Verifies that the system correctly concatenates
molecules and their respective potency values
"""
ref_data = pd.DataFrame({
'smiles': ['c1ccccc1F', 'c1ccccc1Cl', 'c1ccccc1Br','c1ccccc1N', 'c1ccccc1OC(F)(F)F'],
'potency': [1.0, 2.0, 3.0, 4.0, 5.0],
'assay_col': ['assay1']*5
})
query_data = pd.DataFrame({
'smiles': ['c1cnccc1F', 'c1cnccc1Cl', 'c1cnccc1Br'],
'potency': [1.0, 2.0, 3.0],
'assay_col': ['assay1']*3
})
self.mms.fragment_molecules(ref_data, assay_col='assay_col', query_or_ref='ref')
result = self.mms.query_fragments(query_data, min_series_length=3, assay_col='assay_col')
new_frags = result.new_fragments[0].split('|')
ref_potency = result.new_fragments_ref_potency[0].split('|')
print(new_frags, ref_potency)
self.assertEqual(new_frags.index('N[At]'), ref_potency.index('4.0'))
self.assertEqual(new_frags.index('FC(F)(F)O[At]'), ref_potency.index('5.0'))
This test will check that the two additional R-groups in the reference dataset (in this case, an aniline and a trifluoromethoxy) can be retrieved based on the matching series of F, Br and Cl substituents. It also checks that the potency values are associated with the correct R-groups. This finishes succesfully on my setup, so it looks like that all works! Let’s see what we can retrieve when we check for such series in the bindingDB IC50 patent dataset. First, we put together a series of molecules that gains about a threefold in potency as we move to heavier halogens.
query_df = pd.DataFrame({
'smiles': ['c1ccccc1F', 'c1ccccc1Cl', 'c1ccccc1Br'],
'potency': [6.5, 7.0, 7.5],
'assay_col': ['assay1', 'assay1', 'assay1']
})
This query is a short series and as such there’s going to bea lot of matches. We’ll take a look at one of them in more detail. This series comes from patent US8765744, targeting 11-beta-hydroxysteroid dehydrogenase 1, perhaps better known as cortisone reductase. The cRMSD of this series is 0.067, indicating that the trends in potency between the reference and query series are very similar: the potencies are 6.48 for the F analog, 7.14 for the Cl and 7.59 for the Br. That gives us some confidence that the series is indeed a good candidate for SAR transfer and we can look at the additional R-groups in the reference dataset:
R-group SMARTS | Value |
---|---|
FC(F)O[At] | 7.09 |
Cn1ccc([At])cc1=O | 6.74 |
FC(F)(F)[At] | 7.09 |
[At]C1CC1 | 7.64 |
N#C[At] | 6.18 |
C[At] | 7.19 |
CO[At] | 7.46 |
CC(C)(C)[At] | 6.84 |
FC(F)[At] | 7.06 |
FC(F)(F)O[At] | 7.24 |
Browsing through the structures of the R-groups, we can see that they mostly are predominantly small apolar groups that wouldn’t look out of place in most medchem programs. While none of them are substantially more potent than the bromine, the cyclopropyl and methoxy are roughly equipotent to the bromine and may be an interesting candidate for our hypothetical series.

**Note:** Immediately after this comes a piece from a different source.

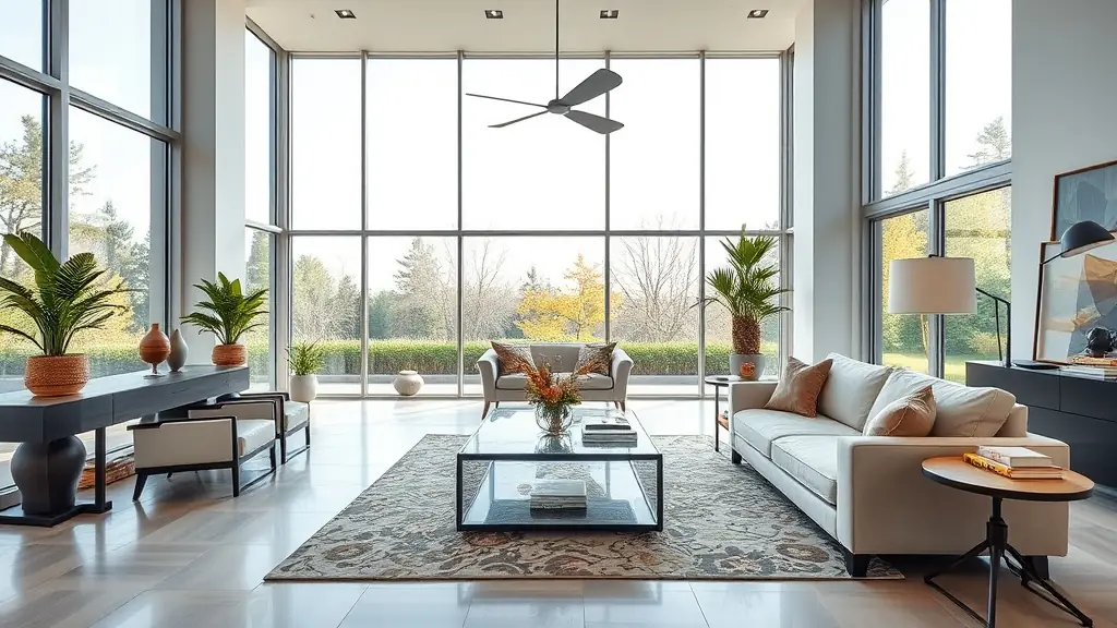 Bright living room with large windows and cozy decor.

That’s it for today! We went through the basic concepts of matched molecular series, implemented a prototype in Python, and tested it on a small dataset. I’ll close off this post with some recommended reading on MMS: Original MMS paper, Ehmki and Kramer on metrics for SAR transfer, Matsy paper, and MMS for ADME. I hope you found this post interesting and as always, please let me know if you spot any mistakes (or better yet, submit a PR to fix them)!